Source data:
· · ·
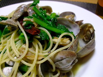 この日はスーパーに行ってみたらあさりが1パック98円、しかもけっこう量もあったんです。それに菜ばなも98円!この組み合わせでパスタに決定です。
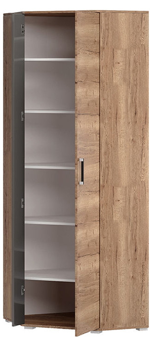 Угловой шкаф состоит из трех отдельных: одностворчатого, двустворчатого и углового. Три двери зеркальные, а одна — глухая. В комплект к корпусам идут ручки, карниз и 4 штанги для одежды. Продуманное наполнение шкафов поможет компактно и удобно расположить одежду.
· · ·
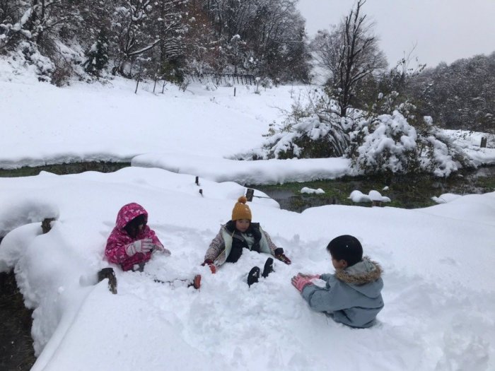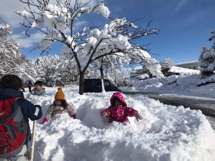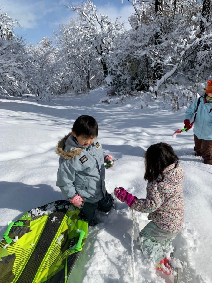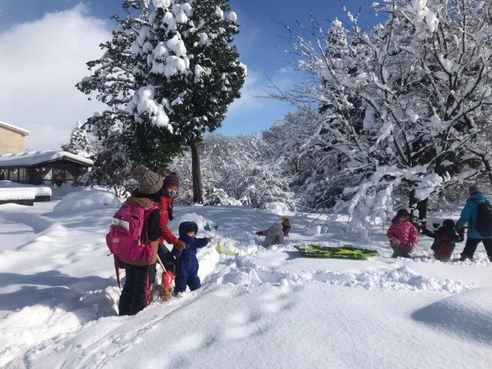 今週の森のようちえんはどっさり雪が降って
· · ·
Exercise objective:
In the entries above, which lines run from the one with "この日はスーパーに行ってみた" up to and including the one with "Угловой шкаф состоит"? Write them out exactly, without the pictures.

Answer section:
 この日はスーパーに行ってみたらあさりが1パック98円、しかもけっこう量もあったんです。それに菜ばなも98円!この組み合わせでパスタに決定です。
 Угловой шкаф состоит из трех отдельных: одностворчатого, двустворчатого и углового. Три двери зеркальные, а одна — глухая. В комплект к корпусам идут ручки, карниз и 4 штанги для одежды. Продуманное наполнение шкафов поможет компактно и удобно расположить одежду.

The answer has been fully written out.